■ Task requirements: Would you retype exactly the lines below, starting with the one that has "She had a nonchalant" and going on through the one that has "Использование стеклянных перегородок", with no pictures and nothing else?

■ Dataset entries:
----------

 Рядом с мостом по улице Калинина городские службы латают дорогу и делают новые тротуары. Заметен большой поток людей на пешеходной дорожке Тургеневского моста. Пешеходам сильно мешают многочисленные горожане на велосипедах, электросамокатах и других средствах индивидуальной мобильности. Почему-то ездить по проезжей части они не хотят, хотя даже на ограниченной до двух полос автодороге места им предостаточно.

----------

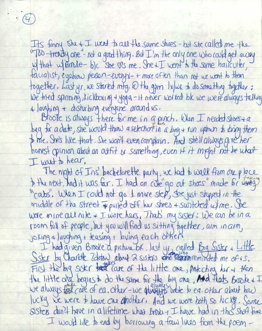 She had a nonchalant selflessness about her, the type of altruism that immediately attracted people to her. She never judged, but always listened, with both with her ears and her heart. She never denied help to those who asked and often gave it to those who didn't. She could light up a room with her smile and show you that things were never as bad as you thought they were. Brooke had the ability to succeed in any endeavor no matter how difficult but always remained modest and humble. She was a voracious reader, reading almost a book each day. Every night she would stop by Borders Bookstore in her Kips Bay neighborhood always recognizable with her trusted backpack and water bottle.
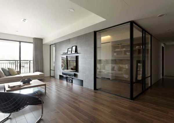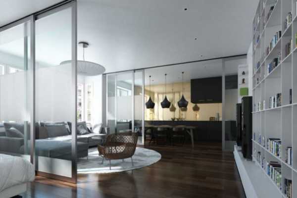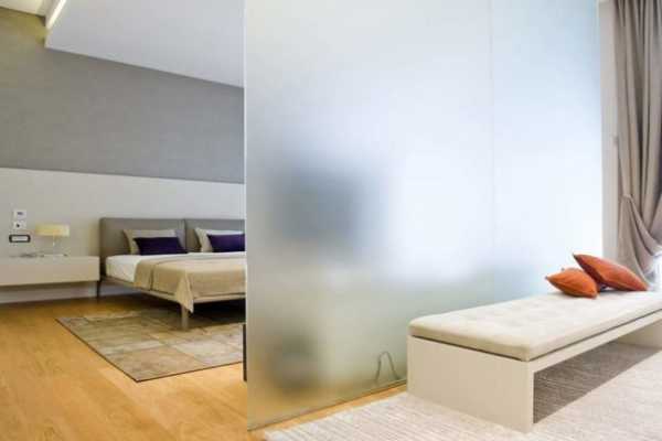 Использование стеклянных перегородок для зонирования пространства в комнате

----------

■ Your response:
 She had a nonchalant selflessness about her, the type of altruism that immediately attracted people to her. She never judged, but always listened, with both with her ears and her heart. She never denied help to those who asked and often gave it to those who didn't. She could light up a room with her smile and show you that things were never as bad as you thought they were. Brooke had the ability to succeed in any endeavor no matter how difficult but always remained modest and humble. She was a voracious reader, reading almost a book each day. Every night she would stop by Borders Bookstore in her Kips Bay neighborhood always recognizable with her trusted backpack and water bottle.
 Использование стеклянных перегородок для зонирования пространства в комнате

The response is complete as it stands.